İnsan, Allah'a (c.c.) kul olma hususunda teslimiyeti, sadakati ve samimiyeti denenmek için yaratıldı. Allah'a (c.c.) hakkı ile kul olabilmek kişinin dünyada elde edebileceği en büyük nimettir. O'na şirksiz samimi ve bir şekilde kul olabilmek kişinin özgürlükteki zirve noktasıdır. Çünkü O'na layıkıyla kul olmak, kula kulluk yapmamanın tek yoludur.

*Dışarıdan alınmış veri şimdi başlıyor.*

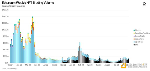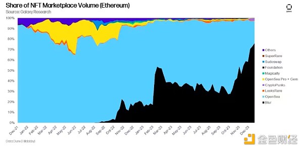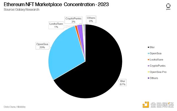 2023 年,Blur 占据了以太坊 NFT 交易总量的 67%。 在 Blur 推出之前,OpenSea 曾占据 NFT 交易量 80% 以上的份额,但同年仅占以太坊 NFT 交易总量的 29%。
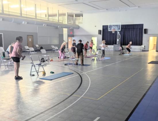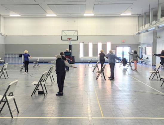 • This class includes exercises with weights, bands with movement in and out of a chair, and yoga stretching at the end.
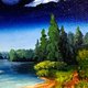 夏季景观。 画夜河岸。 它是在一个框架出售 - 海报/装饰画/版画 - 棉.麻 蓝色

Allah'a (c.c.) kul olabilen bilir ki; her türlü nimet O'nun uhdesindedir. Öyle olunca sadece O'na ve hükümlerine itaat eder, O'nun rızasını kazanmaya çalışır ve O'nun kuralları ile çelişki arz eden herşeye itiraz eder. Allah'a (c.c.) ve hükmüne teslim olmakta sorun yaşayanlar ise, kendilerinden güçlü gördükleri herkesten çekinir ve haklı veya haksızlığına bakmadan onların safında yer alma ihtiyacı duyarlar ve bu halleri ile şirk batağına bile düşebilirler. Nimetlerin sahibinin ve verenin Allah (c.c.) olduğuna inanmayan insan; işçi ise patronundan, memur ise amirinden, amir ise bir üstünden ve Devlet Başkanı ise onu o makama getirdiğine inandığı sanal güçlerden korkar. Değişik bir ifade ile Allah'a (c.c.) kul olmayı beceremeyen, özgürlüğünü kaybeder.
İnanan veya kendini Müslüman olarak tanımlayanların Allah'a mı (c.c.), yoksa kullara mı kulluk yaptıklarını öğrenmeleri için; onay verdikleri tarafın eylem ve söylemlerinin Allah'ın (c.c.) kuralları ile örtüşüp örtüşmediğine bakmaları yeterli olacaktır.
Allah'ın (c.c.), kendisini Müslüman olarak tanımlayan herkesi kula kul olma zilletinden koruması ve Kendisine kul ederek en büyük özgürlüğe kovuşturması dua ve dileklerimle.